*Task item:*
Reproduce the listing exactly, with no pictures in your copy.
Supplied data START
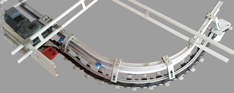 OMNIFLO Hängeförderer System Linearführung angetriebene Kurve
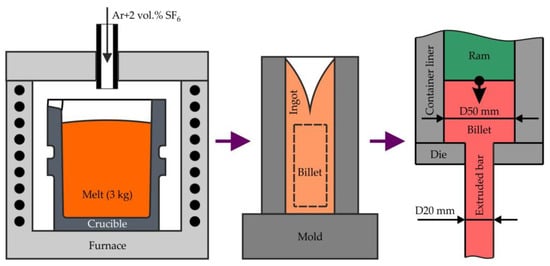 The scheme of extruded bars processing from casting to hot extrusion.
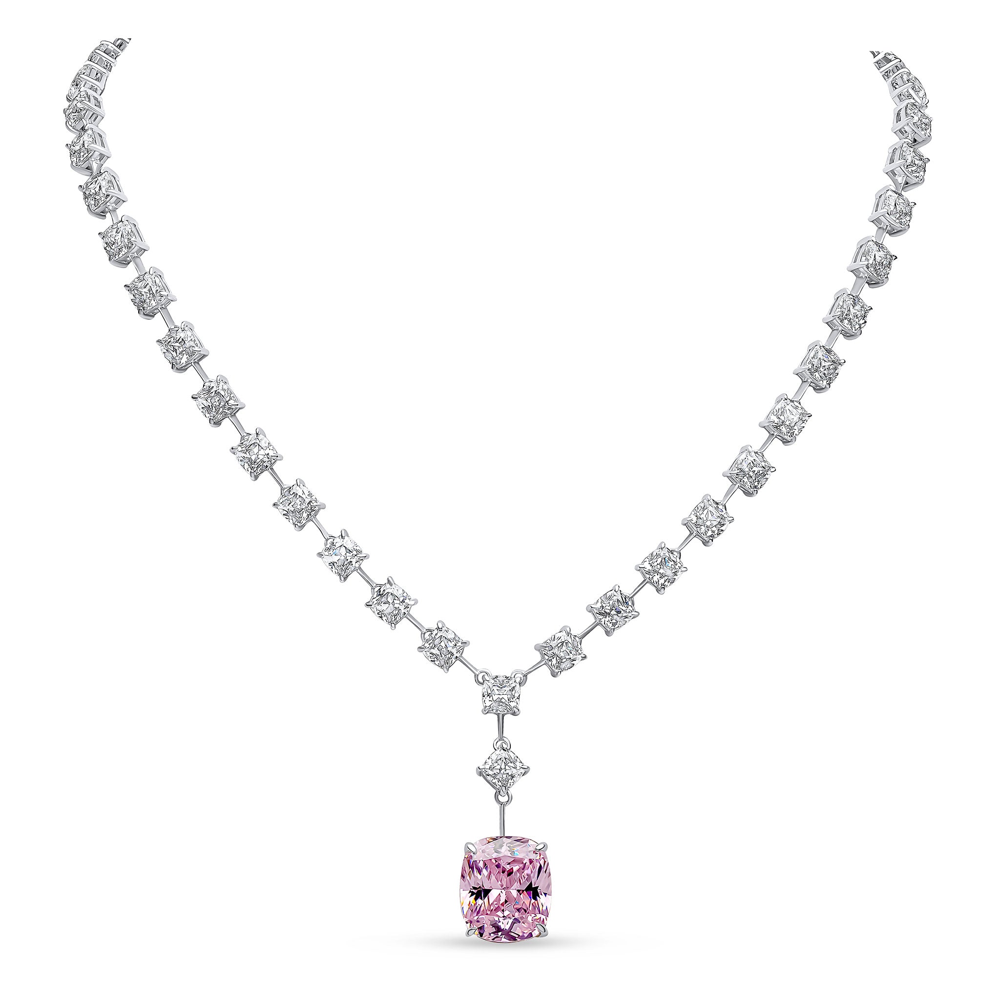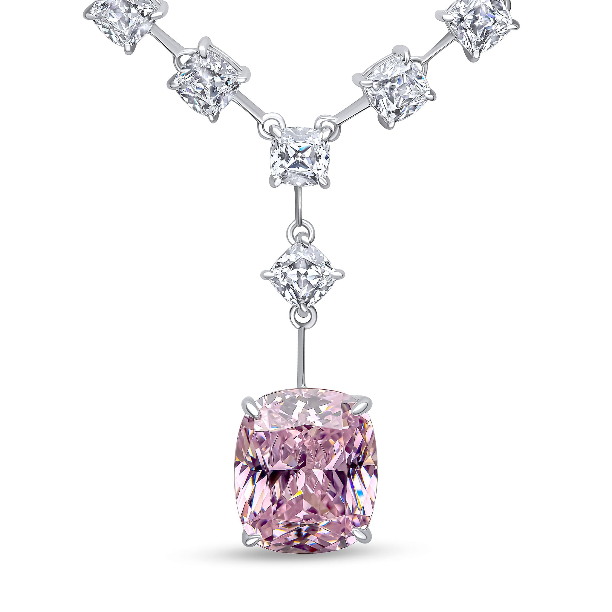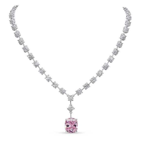 The Imelda necklace features approximately 16" of 5x5mm white cushion cubic zirconia stones with a 14x12mm pink radiant-cut drop front. This necklace is set in rhodum-plated sterling silver.
Supplied data END
*Exercise result:*
 OMNIFLO Hängeförderer System Linearführung angetriebene Kurve
 The scheme of extruded bars processing from casting to hot extrusion.
 The Imelda necklace features approximately 16" of 5x5mm white cushion cubic zirconia stones with a 14x12mm pink radiant-cut drop front. This necklace is set in rhodum-plated sterling silver.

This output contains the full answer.